# Task brief
What you output must match, exactly, the lines from the start of the records to the line containing "Η επίσημη τηλεόραση", both ends kept and pictures excluded.

#### Material to process

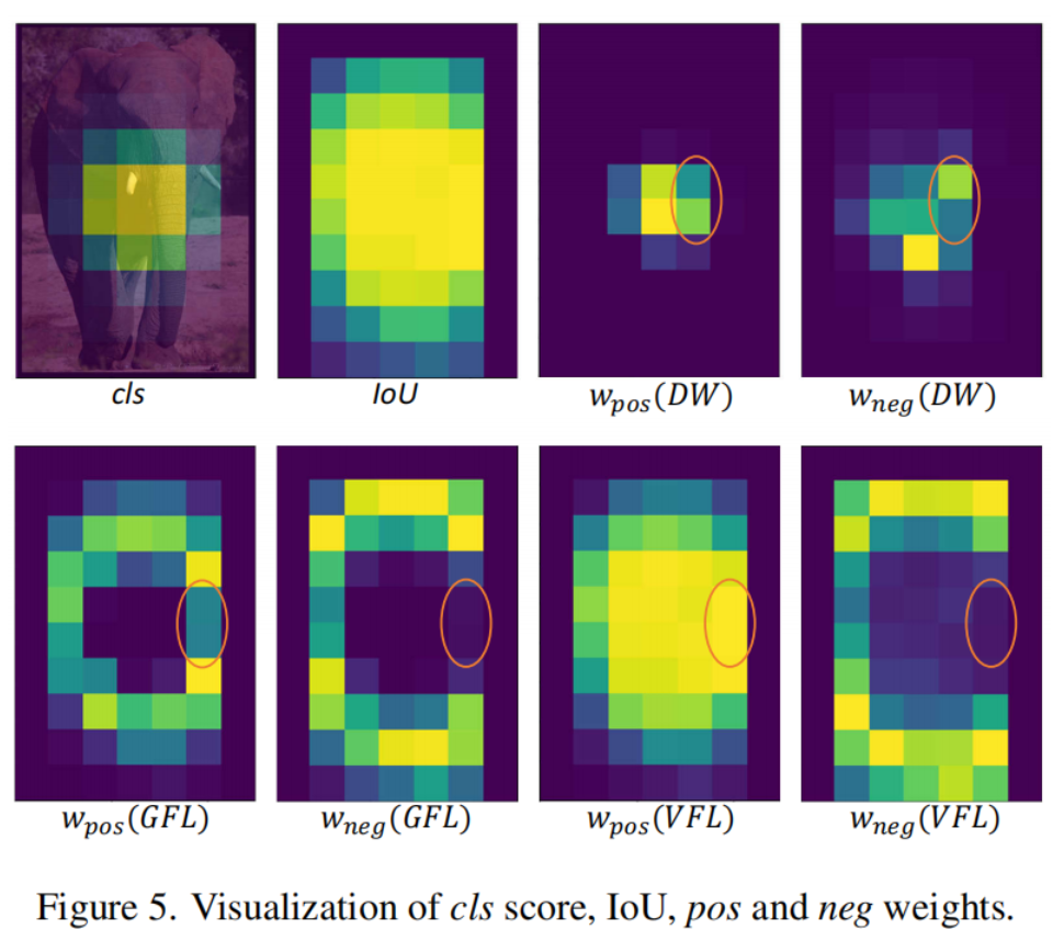 为了进一步了解DW与现有方法的区别,我们在图5中展示了DW的cls评分、IoU、pos和负性权重以及两种代表性方法GFL和VFL的可视化图。可以看出,DW中的pos和负性权重主要集中在GT的中心区域,而GFL和VFL则在更宽的区域上分配权重。这种差异意味着DW可以更多地关注重要的样本,并减少容易获得的样本的贡献,比如那些在物体边界附近的样本。这就是为什么DW对候选包的选择更稳健。
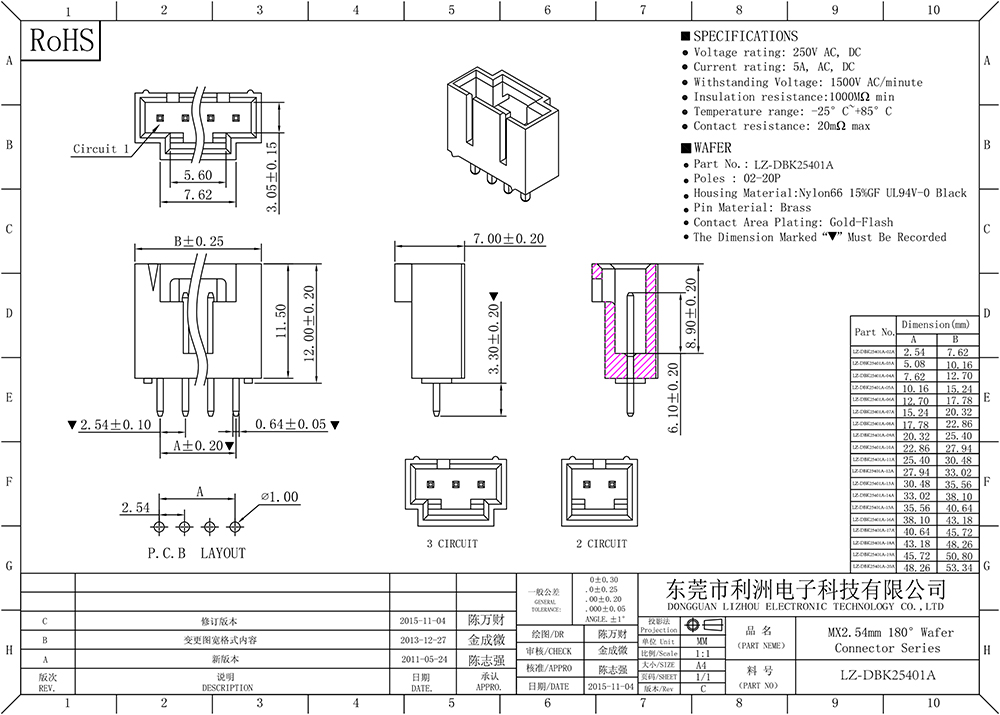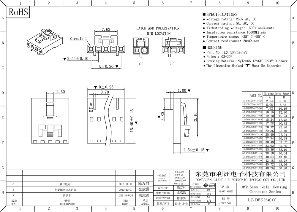 Contact resistance: 20mΩ max
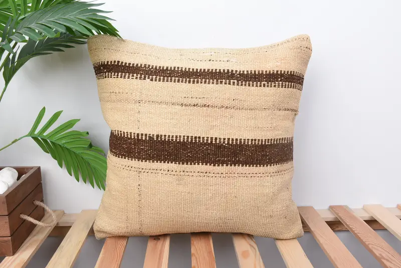Beige & Brown Striped Throw Pillow, Vintage Embroidered Cushion
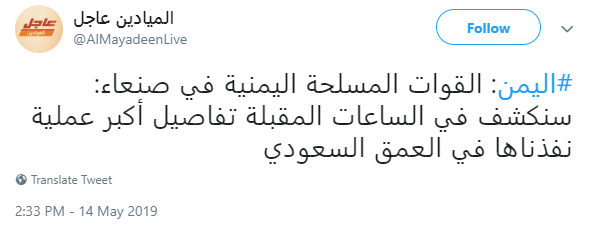 Η επίσημη τηλεόραση των Χούθι, η Masirah TV, ανακοίνωσε πως συνολικά επιχείρησαν 7 drone εναντίον σαουδαραβικών εγκαταστάσεων στις πόλεις Dawadmi και Afif της Saudi Aramco της κεντρικής Σαουδικής Αραβίας!
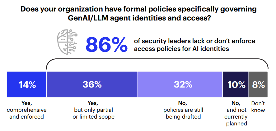 - 86% don’t enforce access policies for AI identities. Only 17% govern even half of their AI identities like human users, and just 5% feel confident they could contain a compromised agent.
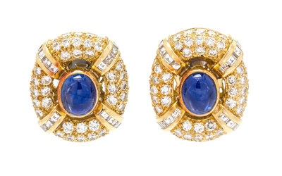 A Pair of 18 Karat Yellow Gold, Sapphire and Diamond Earclips, Mayor's,
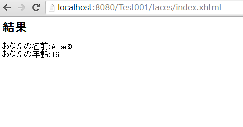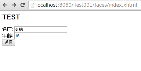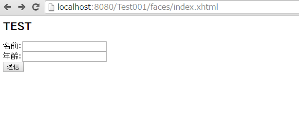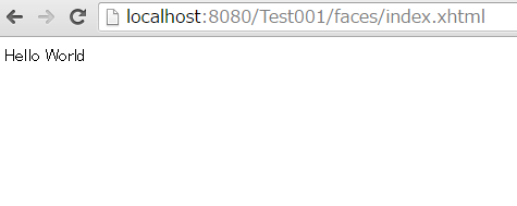 起動後、http://localhost:8080/Test001/faces/index.xhtmlにアクセスします。
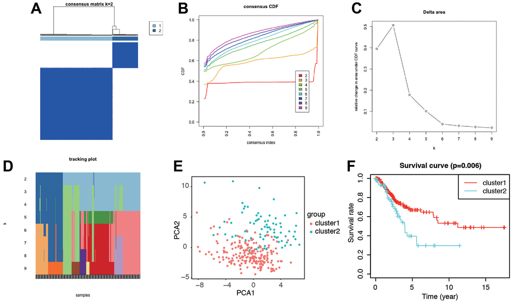 To gain further insights into the characteristics of senescence-related genes in cervical cancer, we employed a consensus clustering algorithm to classify patients based on the expression profiles of 279 senescence-related genes. Through this analysis, we identified two distinct clusters, with k=2 being the optimal choice (Figure 3A–3D). PCA analysis revealed clear separations in the distribution of senescence-related genes between the two clusters (Figure 3E). Importantly, patients in cluster 1 exhibited a significantly longer OS compared to those in cluster 2, as demonstrated by Kaplan–Meier analysis (log-rank test, P = 0.006; Figure 3F). These findings motivated us to delve deeper into the association between senescence and prognosis in CC patients by investigating the expression patterns of senescence-associated genes.

########

# Task output
 为了进一步了解DW与现有方法的区别,我们在图5中展示了DW的cls评分、IoU、pos和负性权重以及两种代表性方法GFL和VFL的可视化图。可以看出,DW中的pos和负性权重主要集中在GT的中心区域,而GFL和VFL则在更宽的区域上分配权重。这种差异意味着DW可以更多地关注重要的样本,并减少容易获得的样本的贡献,比如那些在物体边界附近的样本。这就是为什么DW对候选包的选择更稳健。
 Contact resistance: 20mΩ max
Beige & Brown Striped Throw Pillow, Vintage Embroidered Cushion
 Η επίσημη τηλεόραση των Χούθι, η Masirah TV, ανακοίνωσε πως συνολικά επιχείρησαν 7 drone εναντίον σαουδαραβικών εγκαταστάσεων στις πόλεις Dawadmi και Afif της Saudi Aramco της κεντρικής Σαουδικής Αραβίας!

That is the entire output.